The bankruptcy filing "is another sign of the significant stress on the coal industry today,” said Benjamin Nelson, a coal analyst and Moody’s vice president. Though demand has been declining for about a decade, strong export prices generated solid cash flows in 2017 and 2018, he said. But prices dropped sharply this year, exposing the “poor underlying demand” in the domestic market.

The St. Clairsville, Ohio-based Murray Energy said it reached a restructuring agreement with its creditors and will finance its operations with cash on hand and $350 million in new financing. Robert Murray, who founded the company with a single Ohio mine in 1988, will step down as chief executive and become chairman of the board. He’ll be replaced by Robert Moore, the president and chief executive of Foresight Energy, a Murray Energy subsidiary that is not part of the bankruptcy proceedings.

Murray, who started working in coal mines at 16 to support his family, has long been a Trump ally, donating generously to his campaign and hosting a fundraiser in West Virginia this summer. In 2017, Murray met with White House energy officials to offer an “action plan” calling for deep cuts in the Environmental Protection Agency’s staff, withdrawal from the Paris Climate Agreement, a rollback of safety and pollution regulations and the repeal of President Barack Obama’s Clean Power Plan.

Within a year, the administration followed through by pledging to withdraw from the Paris accord, delivering cuts at the EPA and beginning to repeal and replace the Obama-era plan to curb climate-warming emissions from coal-fired power plants.

Yet at other times, Murray’s efforts to have the federal government throw a lifeline to the coal industry were spurned by independent agencies despite support from Trump and his deputies.

Last year, regulators on the Federal Energy Regulatory Commission, including four selected by Trump, unanimously rejected a proposal from Energy Secretary Rick Perry that was widely seen as a way of propping up ailing coal and nuclear plants.

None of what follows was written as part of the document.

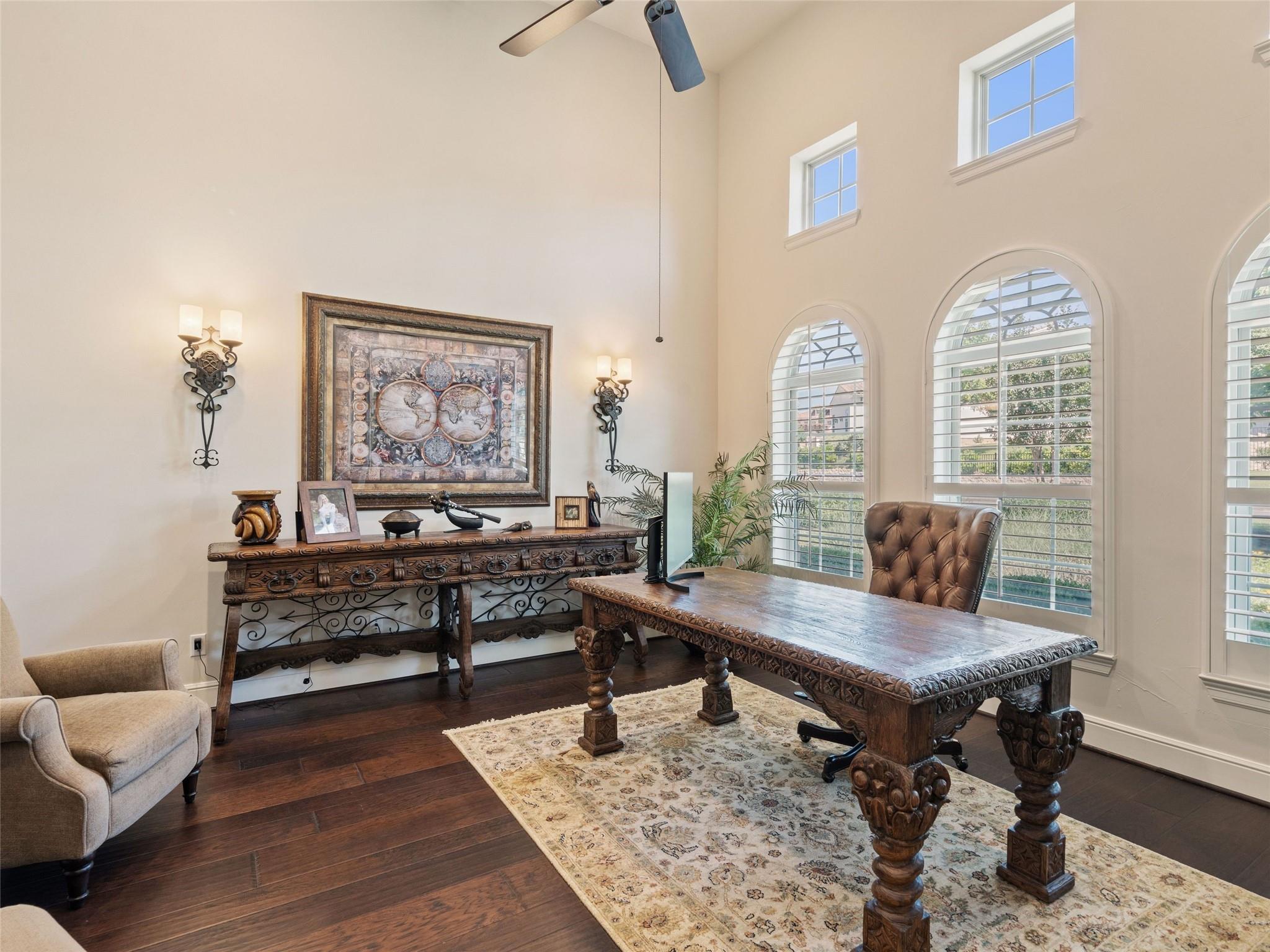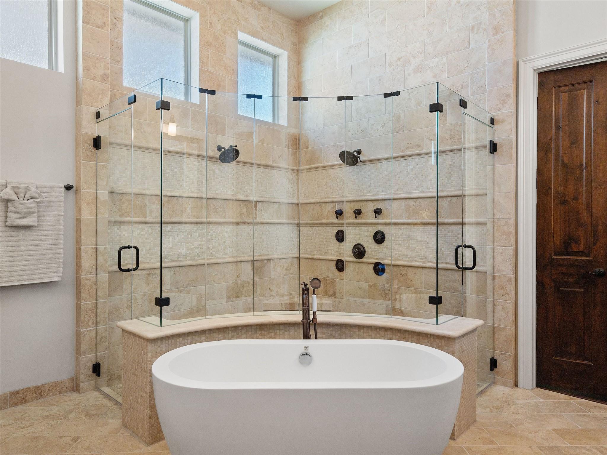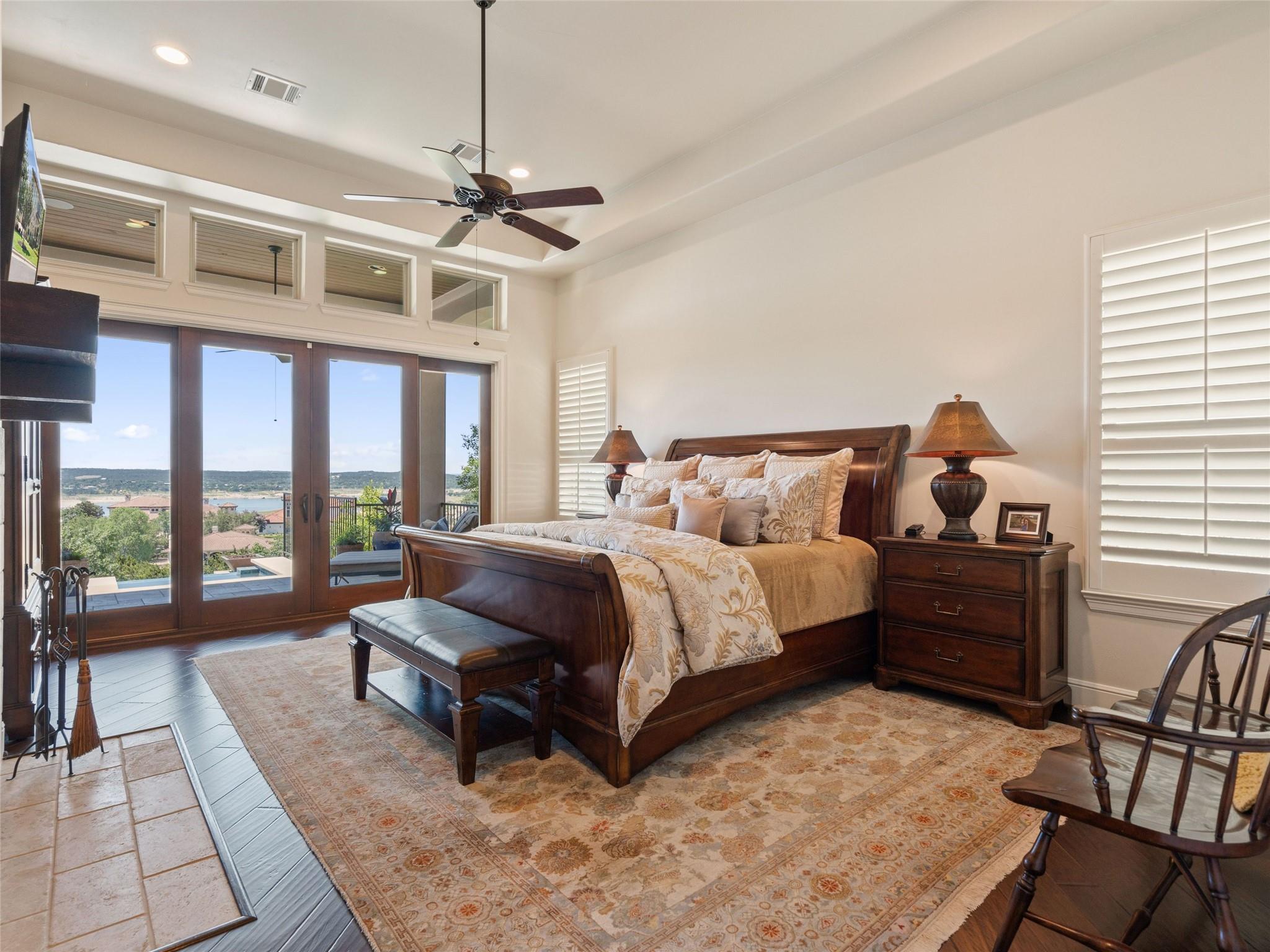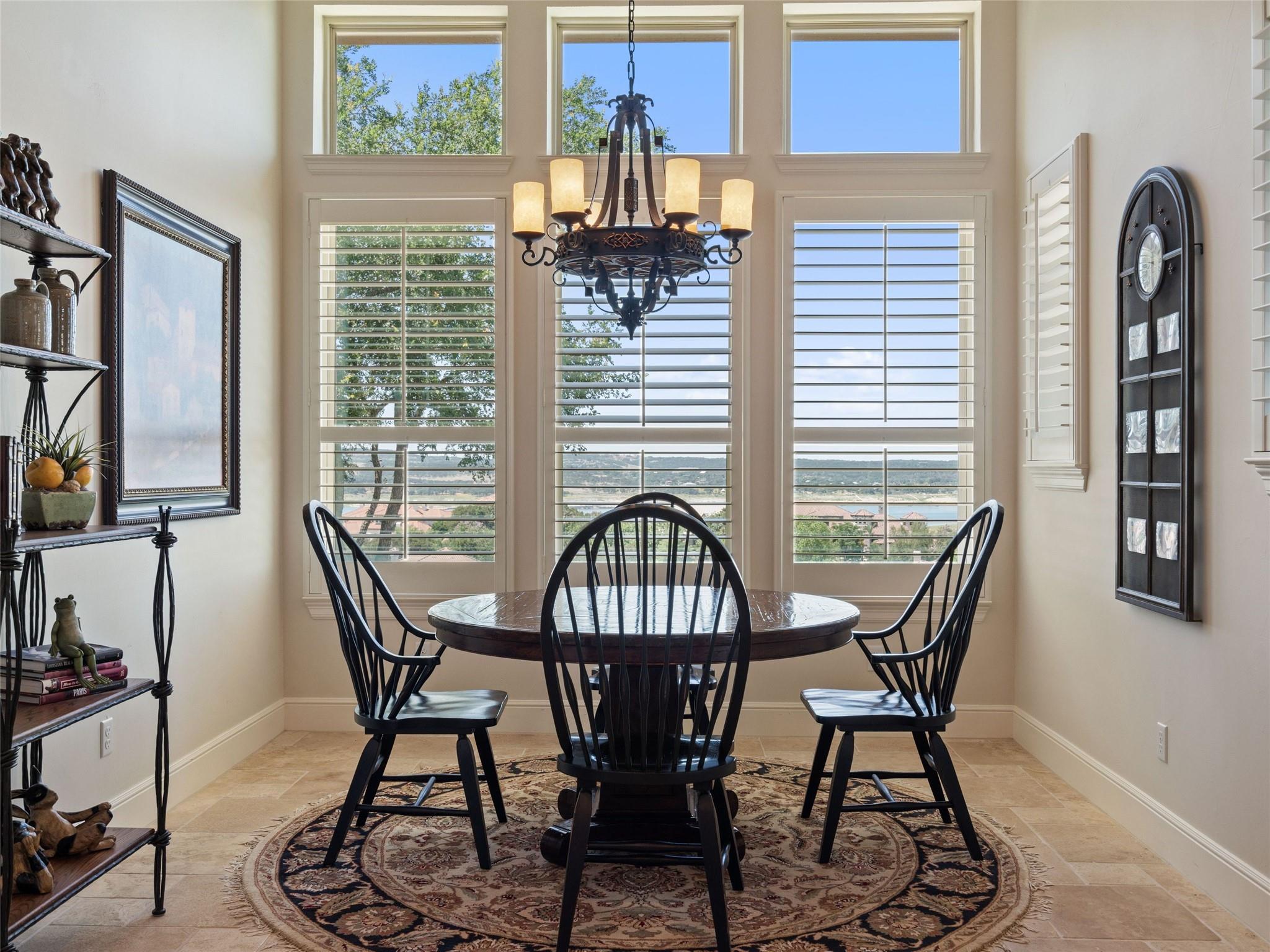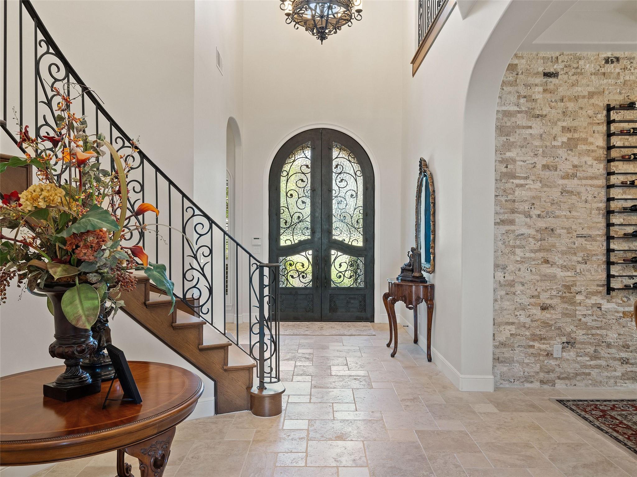 Welcome to your own slice of luxury lake view living in the exclusive gated neighborhood of the Enclave at Rough Hollow overlooking Lago Vista on Lake Travis. This stunning 5,158 square foot home boasts timeless elegance at every turn. Thoughtfully situated on one of the largest lots in Rough Hollow, (1.679 acres), the wooded back yard and lake views are stunning. The gorgeous gas lanterns and massive Cantera door entry invite you and your guests into this beautiful home with a 2-story foyer and sweeping staircase. The residence features 4 beds, 4 full baths, 2 half baths, media room, separate dining room with an amazing custom stone wine display, 2 spacious living areas, gourmet kitchen, and a private office. The flooring is hardwood and tile throughout, with only the media room being carpeted. This immaculate home is filled with natural light, an abundance of storage, an oversized 3-car garage, and a full bar upstairs for entertaining. The single garage was specifically built for boat storage. The sunset views of Lake Travis over the resort style infinity pool are extraordinary. The inviting firepit below the pool area and the full outdoor kitchen provides a peaceful place for family and friends to gather. Enjoy wildlife and greenbelt/lake views all from the serene setting of your own personal sanctuary. There is even a fenced yard for your favorite pet. The location is great, approximately 35 minutes to AUS airport, close to HEB, shopping/dining and in top-rated school district of Lake Travis ISD. The HOA amenities offered are incredible, yacht club/marina, lazy river/pool, hiking trails, fitness center, complimentary kayak/standup paddleboards, community events and Canyon Grille for delicious dining with a view! You may dock your boat at the marina or Freedom Boat club offers valet boating for a fabulous day on the lake.

And in February, Trump tried to intervene with the Tennessee Valley Authority to keep open two coal plants that bought most of their coal from Murray. But the independent agency defied Trump and voted to close the plants anyway.

The always outspoken Murray has blasted FERC as “feckless” for failing to protect coal plants and said he is “extremely disappointed" in the TVA’s decision.

But Murray reserved his sharpest criticism for Obama, who he once called “the greatest enemy I’ve ever had in my life” for issuing regulations he saw as destructive to the industry in which he had spent his entire working life.

Murray Energy operates more than a dozen mines throughout Ohio, Kentucky, West Virginia, Illinois and Utah and produced 76 million tons of coal annually. It employs 7,000 people, according to its website, and counts billions in unfunded retirement benefits and workers’ compensation among its liabilities, the Wall Street Journal reported.

“Now comes the part where workers and their families pay the price for corporate decision-making and governmental actions,” the United Mine Workers of America, which represents a large chunk of Murray Energy’s full time employees, said in a statement Tuesday. “Murray will file a motion in bankruptcy court to throw out its collective bargaining agreement with the union. It will seek to be relieved of its obligations to retirees, their dependents and widows. We have seen this sad act too many times before.”